Posted on 10.31.2016

By Amberly Dressler, Managing Editor


The everyday conceptualizing, creating and circulating of content for social media can become monotonous for marketers responsible for this critical marketing channel. Should progress slow and performance falter, however, it will force brands to ask the question: Is it time to give up on social? In some ways, the answer is yes, but only in favor of a more collaborative and curated approach.

While it may seem harmless for a social media manager to be on auto pilot in respect to what he or she shares – content type, format and scheduling of posts, videos and promotions – the opposite is true. There are a number of problems marketers face when trying to acquire and retain an audience of customers, users and followers on social media today and brands that choose to stick with the same strategies will have a more difficult time improving organic reach, taking on ad blockers (see sidebar), increasing engagement and, finally, showing real returns from the channel.


Does Ad Blocking Impact Social?

With organic reach dwindling, brands are turning to social advertising in droves. Ad blockers, however, are threatening the practice. Learn more at wsm.co/socialblock.
 


Even though many of the efforts made by today’s social media managers appear weak at best, it’s not time to give up on social media but rather relinquish sole control of the channel. With a more collaborative and curated management style, advocates and influencers can provide fresher ideas, greater reach and better results.

PUNCHING THE SOCIAL CLOCK

The way in which many organizations manage their social media stems from a near decade-old notion that social media is essentially a free marketing channel. As such, people volunteered or were “volun-told” to manage a company’s social efforts (typically Facebook, Twitter and LinkedIn). These arrangements remain in effect across many businesses (the alternative being hiring an agency or dedicated social media manager), which explains the few hours a week that companies are allocating to social.

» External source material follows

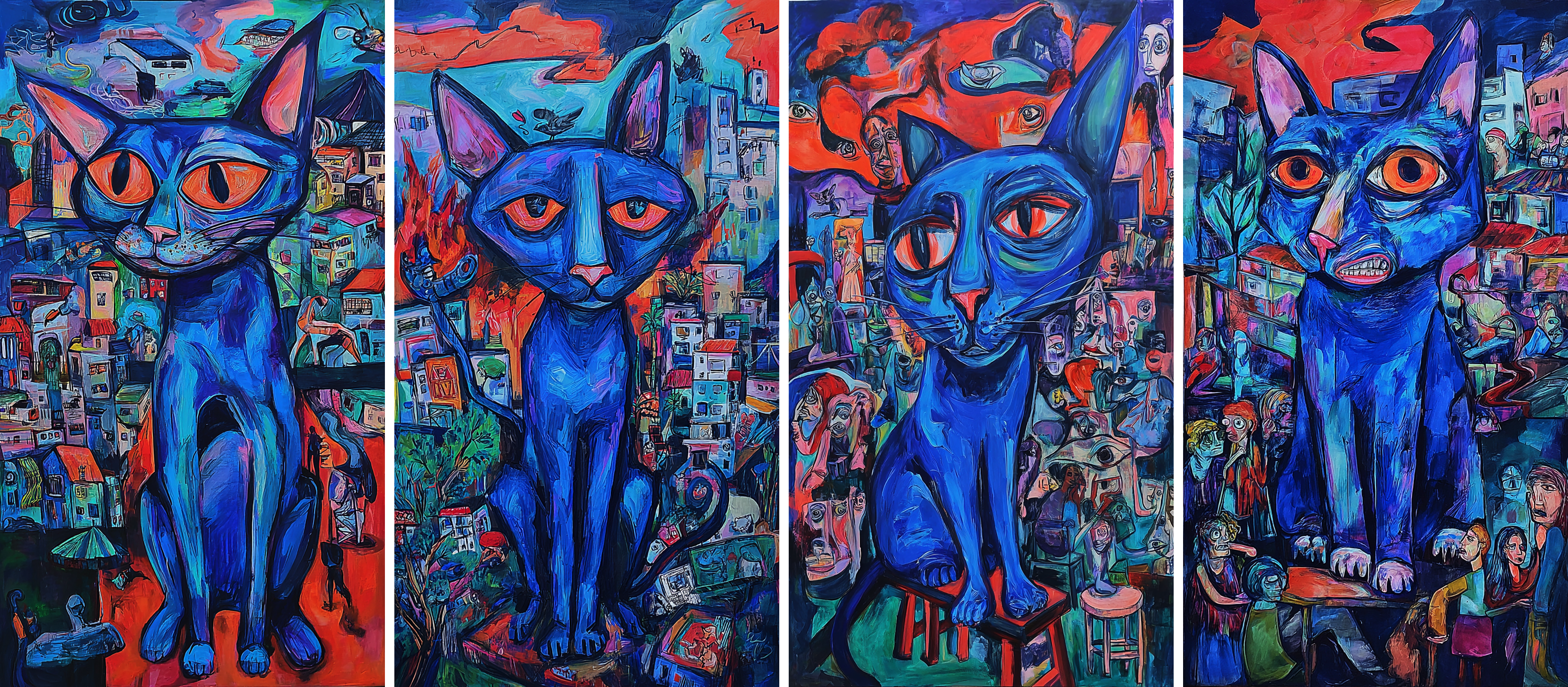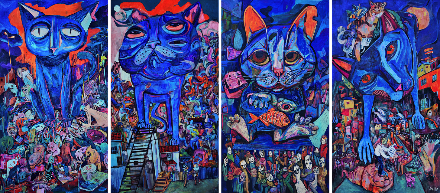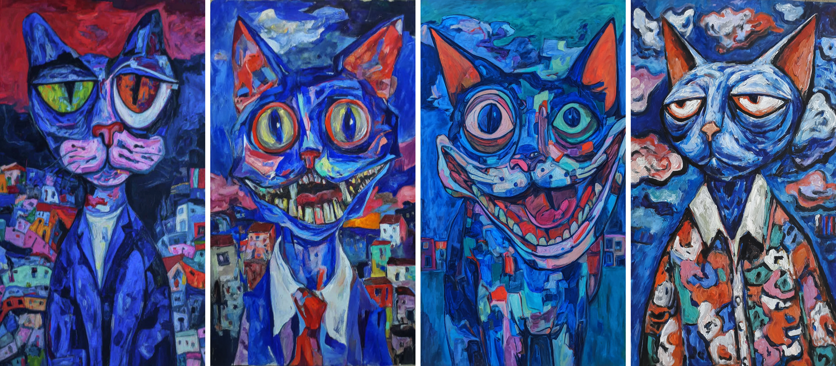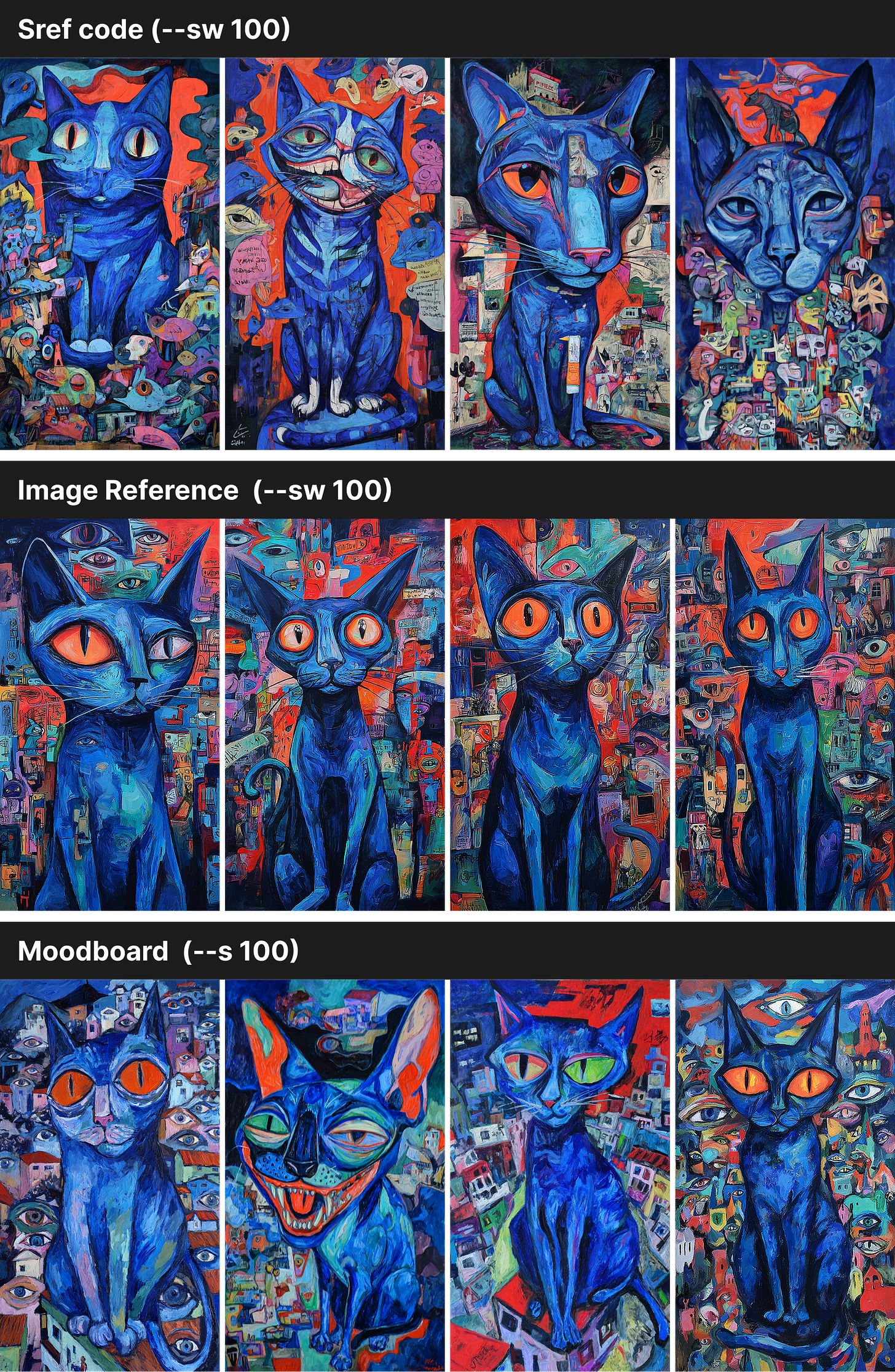 Midjourney blended all four images into one style, so the cats look almost the same across the grid. With an Sref code, the results came out richer — the cats had more variety in shape, with extra details in both the cats and the backgrounds. The colors and overall feel, though, still stayed close to the original style.

The most recent industry snapshot from Social Media Examiner indicates 34 percent of organizations (large and small) are still spending only 1-5 hours a week on social media management – meaning they have carved out time from their primary roles to manage the same top networks, using the same-old strategies – neither of which bodes well for capitalizing on this channel. There is little room for growth in this approach; little time to adjust strategies or explore emerging networks; little time to create new campaigns; and little time to make better decisions, which can often lead to no decision.

What is required in this new era of social media – where paying to play is becoming increasingly common – is a more collaborative and curated style and approach. Luckily, there are many software solutions allowing brands to give up social in favor of a more measurable and effective practice.

REACHING AN AUDIENCE

Organic reach is crippling under the weight of algorithm updates designed to limit brand exposure (developed in the name of user experience, of course) and help networks sell more ads. There will soon be nothing left for brands relying on organic posts to reach audiences within Facebook, Instagram and Twitter – all of which now have highly refined “quality” filters. A creative approach is required, yet marketers are already under time constraints balancing their many existing responsibilities. Enter: influencers.

Popular Pays

The chances are slim of opening up Instagram (and increasingly Snapchat) and not seeing a celebrity (or pseudo-celebrity), athlete or blogger promoting weight loss programs, drinks, apparel, subscription boxes or other merchandise. Bringing on influencers to share a company’s message is smart in many ways – and not just for those in B2C markets. For one, Instagram’s algorithm (in both its feed and stories) filters what users see – relying on engagement signals to prioritize posts. Companies with low engagement prior to the algorithm release likely have even lower engagement after it (wsm.co/postalgo), yet many influencers still enjoy the reach that networks once provided the rest of us since they’re actively sought after by each network’s users and often yield far higher reach than a brand could achieve alone. What’s more, Forrester reports that consumers engage with 11.4 pieces of content prior to a purchase, which means influencers can be used to complement a brand’s messages rather than control it – a collaborative approach.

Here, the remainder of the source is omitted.